In this image reviewed by the U.S. military, the entrance to Camp VI detention facility is guarded at Guantanamo Bay Naval Base, Cuba, Wednesday, Nov. 20, 2013.

In this image reviewed by the U.S. military, the entrance to Camp VI detention facility is guarded at Guantanamo Bay Naval Base, Cuba, Wednesday, Nov. 20, 2013. AP Photo/Charles Dharapak

After Guantanamo, Two Detainees Try To Put Their Lives Back Together in Ghana

Here’s how the Yemeni men are being treated and what they say about their long incarceration.

Two Yemenis who were held for over a decade at the controversial US naval base in Cuba’s Guantanamo Bay have arrived in Ghana to restart their lives.

The two men, Mahmud Umar Muhammad bin Atef and Khalid Muhammad Salih al-Dhuby, are among 17 detainees who were to be released this month, as part of US president Barack Obama’s plan to close the detention center by 2017. Bin Atef and al-Dhuby have been cleared for release since 2009. Obama reiterated his pledge to shut Guantanamo in his State of the Union address on Jan. 12: “It’s expensive, it’s unnecessary, and it only serves as a recruitment brochure for our enemies,” he said.

Some Ghanian citizens and Christian organizations, however, have protested about possible security risks. Ghana’s president, John Mahama, defended the decision. “Any Ghanaian is more in danger of dying from a road accident than from these Guantanamo detainees…. They just want to pick up the pieces of their lives and live normally. We don’t have anything to fear,” Mahama told reporters.

Released detainees have come to sub-Saharan Africa before when other countries would not take them. Jamal Kiyemba, a British citizen with alleged links to al-Qaeda who was released in 2006, was deported to Uganda after the UK refused to let him in. (Kiyemba was arrested in April last year over his possible involvement in the murder of a state prosecutor.) In 2010, two other released detainees were sent to Algeria and Cape Verde.

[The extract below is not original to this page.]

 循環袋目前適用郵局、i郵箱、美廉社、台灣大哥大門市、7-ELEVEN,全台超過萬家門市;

Mahama said the two men will live on a secure compound, with chaperones at all times. They will be allowed to stay in Ghana for two years, after which they can return to Yemen. (For now, US officials have said they will not send released detainees back to Yemen because of the civil war there.)

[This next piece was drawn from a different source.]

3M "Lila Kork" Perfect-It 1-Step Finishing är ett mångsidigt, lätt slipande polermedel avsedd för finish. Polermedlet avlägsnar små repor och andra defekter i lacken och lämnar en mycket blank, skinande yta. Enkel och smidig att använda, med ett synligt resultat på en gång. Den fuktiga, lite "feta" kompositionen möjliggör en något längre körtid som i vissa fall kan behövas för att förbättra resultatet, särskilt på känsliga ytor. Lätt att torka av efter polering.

Mahama said Ghana had received no money, but that the country would receive intelligence from the US about potential security threats. The West African country is stable, but concerned about its proximity to the militant group Boko Haram in Nigeria.

US government documents published by Wikileaks classified al-Dhuby as “medium risk” and bin Atef as “high risk,” but didn’t pin any specific crimes or attacks on them. Al-Dhuby, born in 1981 in Saudi Arabia, was a “probable member” of al-Qaeda and had traveled to Afghanistan to fight, according to the documents, while bin Atef, born in 1979 also in Saudi Arabia, was an “admitted member” of the Taliban who underwent training in al-Qaida camps in Afghanistan. His lawyer described bin Atef as a “smart bright young man” who wants to start a family and find stable work.

Bin Atef thanked the country for taking them in.”We have been wrongly arrested for 14 years without any charge against us and we have suffered,” he told Ghana Broadcasting Corp (paywall) on Jan. 12th. “We are not looking for revenge because we are not bitter. We want to live in Ghana quietly and peacefully and we want to put our life together,” he said.